## Data supplied

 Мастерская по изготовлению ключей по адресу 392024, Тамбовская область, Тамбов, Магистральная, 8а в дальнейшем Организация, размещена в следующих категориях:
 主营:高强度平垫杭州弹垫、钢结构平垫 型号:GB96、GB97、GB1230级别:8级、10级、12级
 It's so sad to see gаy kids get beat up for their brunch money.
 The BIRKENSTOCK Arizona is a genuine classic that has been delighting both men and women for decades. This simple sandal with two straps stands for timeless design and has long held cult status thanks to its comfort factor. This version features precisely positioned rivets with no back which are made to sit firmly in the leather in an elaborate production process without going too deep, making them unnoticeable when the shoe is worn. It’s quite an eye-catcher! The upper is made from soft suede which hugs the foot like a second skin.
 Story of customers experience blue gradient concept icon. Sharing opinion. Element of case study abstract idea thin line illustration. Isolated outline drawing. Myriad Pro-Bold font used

==

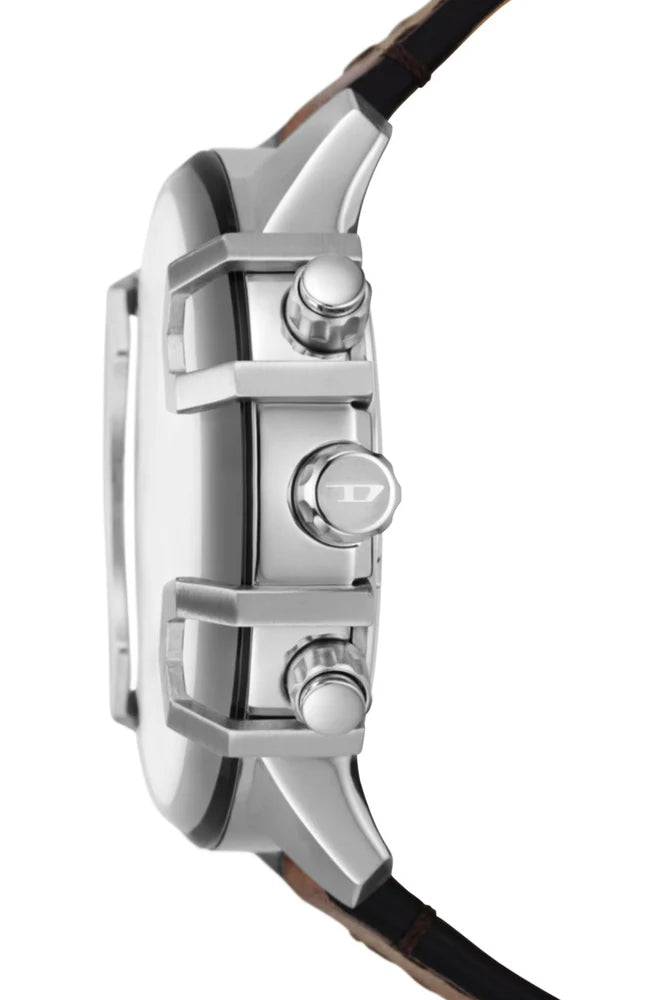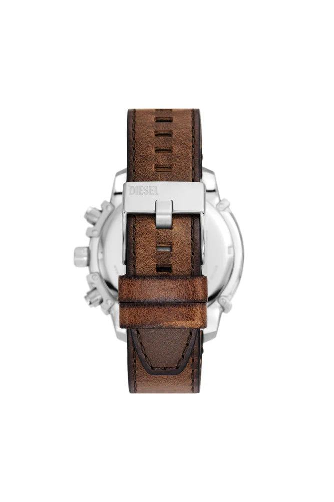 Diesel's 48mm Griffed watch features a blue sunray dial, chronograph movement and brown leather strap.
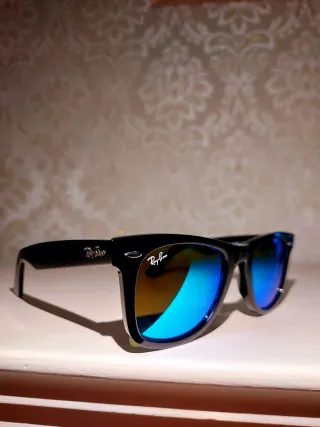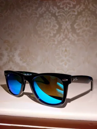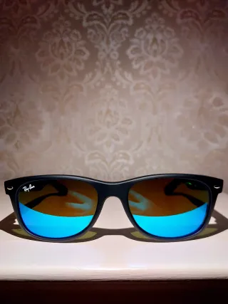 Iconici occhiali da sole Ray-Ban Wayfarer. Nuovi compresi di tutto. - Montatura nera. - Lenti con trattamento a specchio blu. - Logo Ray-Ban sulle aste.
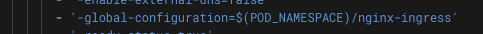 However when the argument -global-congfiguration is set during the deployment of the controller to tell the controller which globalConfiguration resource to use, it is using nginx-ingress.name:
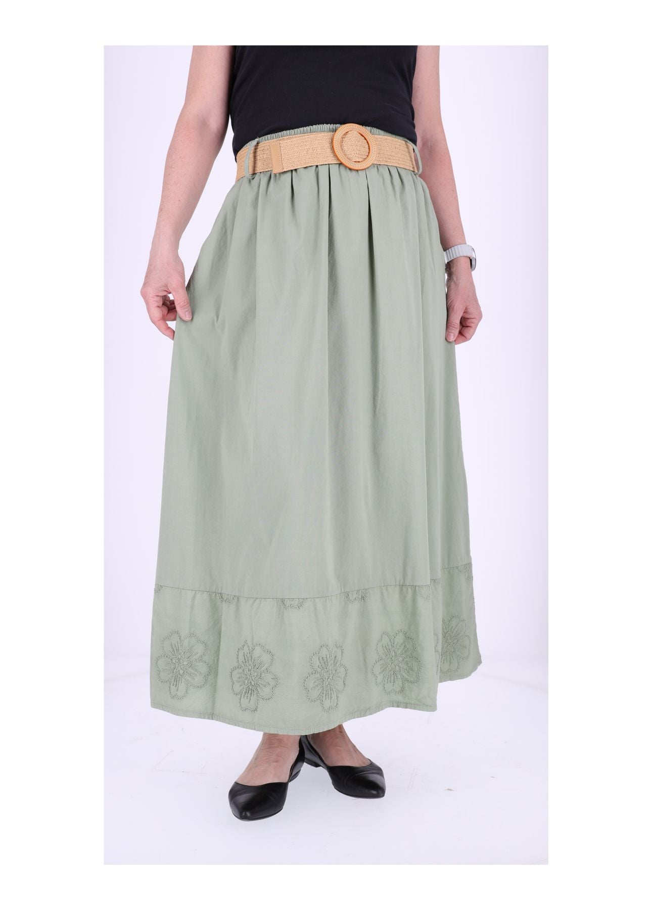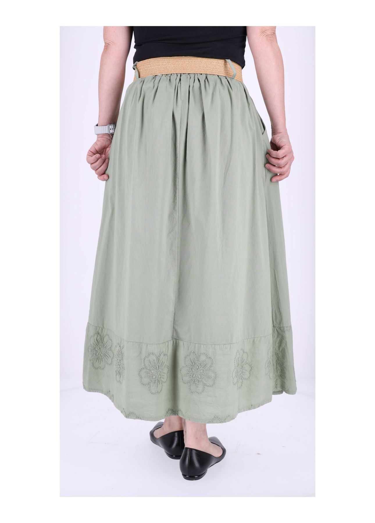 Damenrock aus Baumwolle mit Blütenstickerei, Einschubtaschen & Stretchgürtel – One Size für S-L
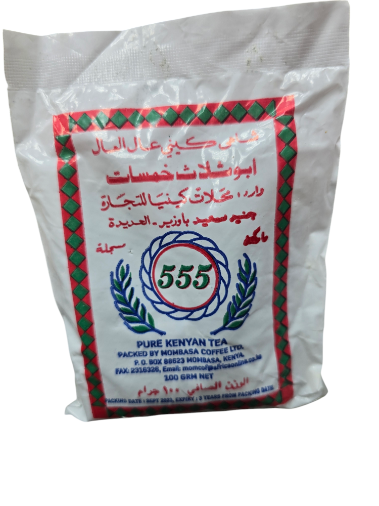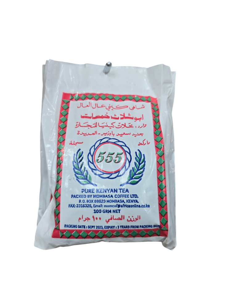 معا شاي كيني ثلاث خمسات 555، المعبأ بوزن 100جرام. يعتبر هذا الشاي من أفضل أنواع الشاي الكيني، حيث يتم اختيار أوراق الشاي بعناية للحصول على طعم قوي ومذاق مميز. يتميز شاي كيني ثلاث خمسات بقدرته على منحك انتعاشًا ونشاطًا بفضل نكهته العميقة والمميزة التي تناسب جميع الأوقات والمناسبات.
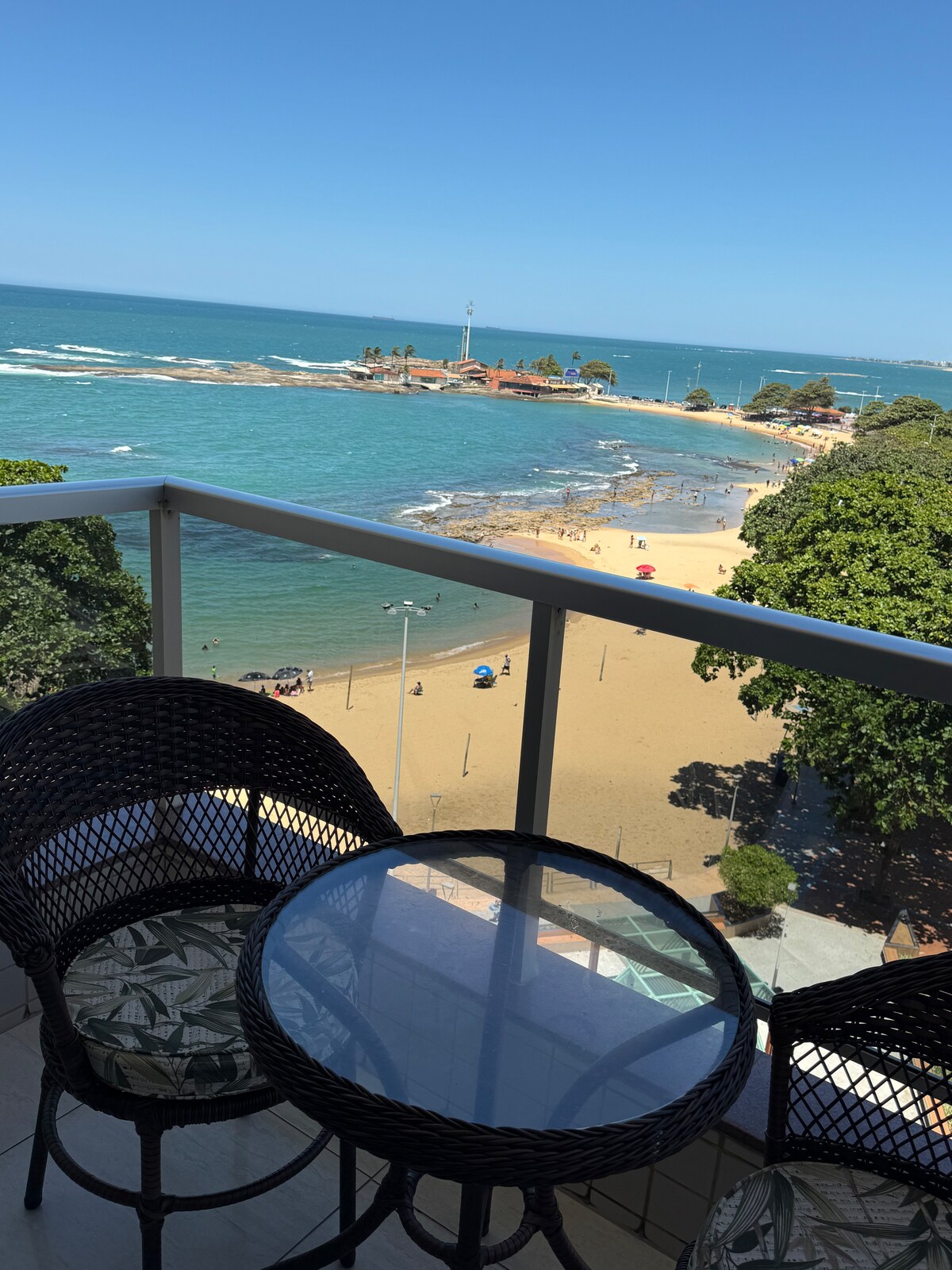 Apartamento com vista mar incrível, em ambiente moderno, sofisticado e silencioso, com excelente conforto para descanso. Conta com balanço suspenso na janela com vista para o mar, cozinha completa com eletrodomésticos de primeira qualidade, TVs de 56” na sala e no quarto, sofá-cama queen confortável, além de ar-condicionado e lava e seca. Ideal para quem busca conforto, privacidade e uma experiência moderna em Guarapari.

## Your goal
Please transcribe exactly the part of the records that opens with the line containing "Iconici occhiali da" and closes with the line containing "معا شاي كيني", both ends included, and leave out the pictures.

## Your response
 Iconici occhiali da sole Ray-Ban Wayfarer. Nuovi compresi di tutto. - Montatura nera. - Lenti con trattamento a specchio blu. - Logo Ray-Ban sulle aste.
 However when the argument -global-congfiguration is set during the deployment of the controller to tell the controller which globalConfiguration resource to use, it is using nginx-ingress.name:
 Damenrock aus Baumwolle mit Blütenstickerei, Einschubtaschen & Stretchgürtel – One Size für S-L
 معا شاي كيني ثلاث خمسات 555، المعبأ بوزن 100جرام. يعتبر هذا الشاي من أفضل أنواع الشاي الكيني، حيث يتم اختيار أوراق الشاي بعناية للحصول على طعم قوي ومذاق مميز. يتميز شاي كيني ثلاث خمسات بقدرته على منحك انتعاشًا ونشاطًا بفضل نكهته العميقة والمميزة التي تناسب جميع الأوقات والمناسبات.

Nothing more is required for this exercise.